If I were to apply the shader method to armour as I did with the eyes above, the details of much of the armour would become washed out. However, using a shader method called "color shifting" could maybe, MAYBE result in better result. It would become very complicated to explain very quickly, but in an attempt to simplify, what this means is that the individual color values of a texture are mapped to a colour wheel, and this colour wheel becomes cyclic.
Taking this colour wheel as an example to explain below:

Let's take the colour purple at the top. If we were to shift this one value clockwise, we would get dark blue. In turn, this will shift every blue to green, every green to yellow, yellow to orange, orange to red, red to pink, and pink to purple, etc. This can be controlled in a very simple shift clockwise and anticlockwise, resulting in a variety of recolours. This is the "safest" method of maintaining colour values without completely washing away the originals, and can still retain the original values so long as you shift back to the original placement on the colour wheel. In this example, I'll display a colour shifted paladin chestpiece.

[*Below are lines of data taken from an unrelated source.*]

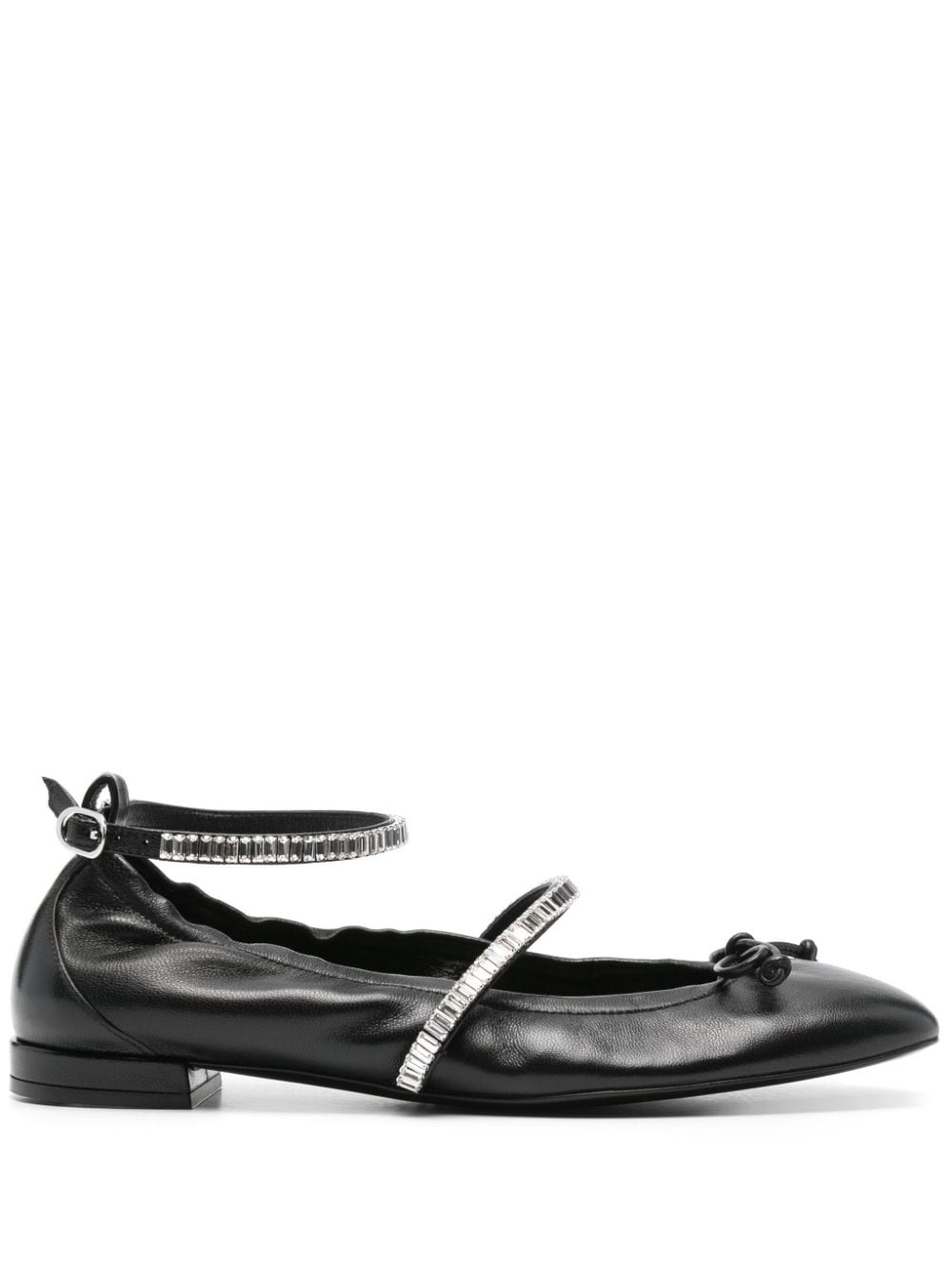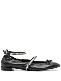 Stefanie ballet flats Highlights - Black - Calf leather - Smooth grain - Baguette cut crystal embellished straps - Knot detailing - Double-strap design - Square toe - Buckle-fastening ankle strap - Branded insole - Stacked heel - Leather and rubber sole - This piece comes complete with a protective dust bag. Imported Composition Outer: Patent Calf Leather 100%, glass 100% Lining: Calf Leather 100% Sole: Calf Leather 100%, Rubber 100% SIZE & FIT Measurement HEEL 0.98 in(2.5 cm)
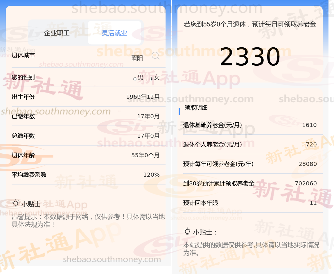 通过上面公式和新社君根据新社通app-社保缴费查询工具提供的最新数据一起来了解下,襄阳退休养老金怎么算?
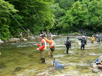 前日にはたくさんの大物ニジマスが放流されていますのでかなりの釣果が期待できそうです。また、子供達用に川原に特設されたいけすでイワナのつかみ捕りも行っておりますのでご家族で楽しめます。
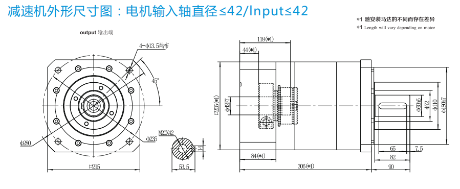 PF 215 L2 -25-P2-S2 gearbox,the output shaft diameter is 42mm.It used for ac servo motor,input diameter is 42mm.,,
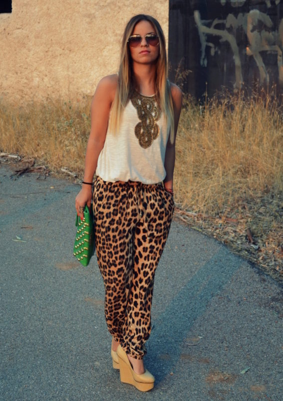 City of predators: harem pants with a leopard print, a light top with an original decor at the neck, a neutral color shoes and a miniature bright green handbag.
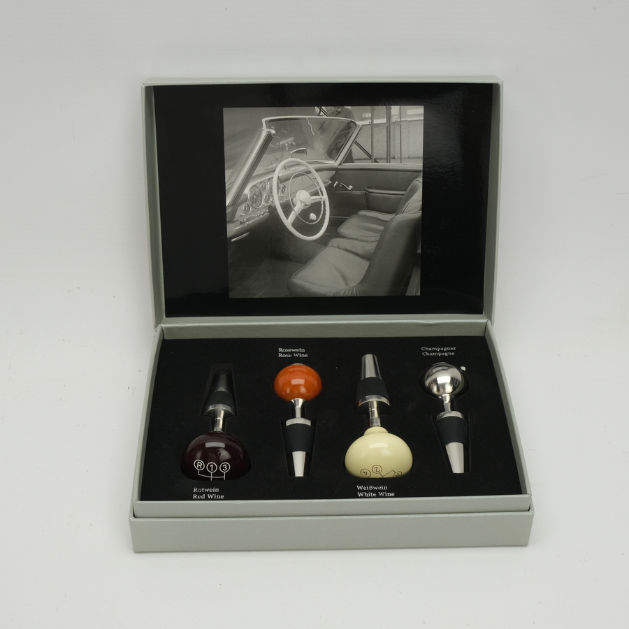 Lot van vier Mercedes-Benz wijnstoppen in de vorm van pookknoppen.

The middle image, the one used to dye hair / eyes, would not work so well for armour. The values are irretrievably lost and it probably wouldn't look too nice. It'd be much more niche in its usage, but allows for far more control over values. This would be best used for consistently-coloured objects, like hair, eyes, and even some skin colours which lack patterns (ie not tauren / vulpera friendly)
Colour shifting however allows it to retain approximate contrasts and differences between each value on a colour wheel, maintaining the basics of colour theory. However, this does not grant the user ultimate control over dyeing. If you intended to only change the gold to bronze, you've also unintentionally changed the blue gem to green and the purple secondary to blue, and the white neck piece remains almost entirely unchanged.
And so this is where I'll leave this post, I feel I've sufficiently explained quite enough for this method. Thank you for reading.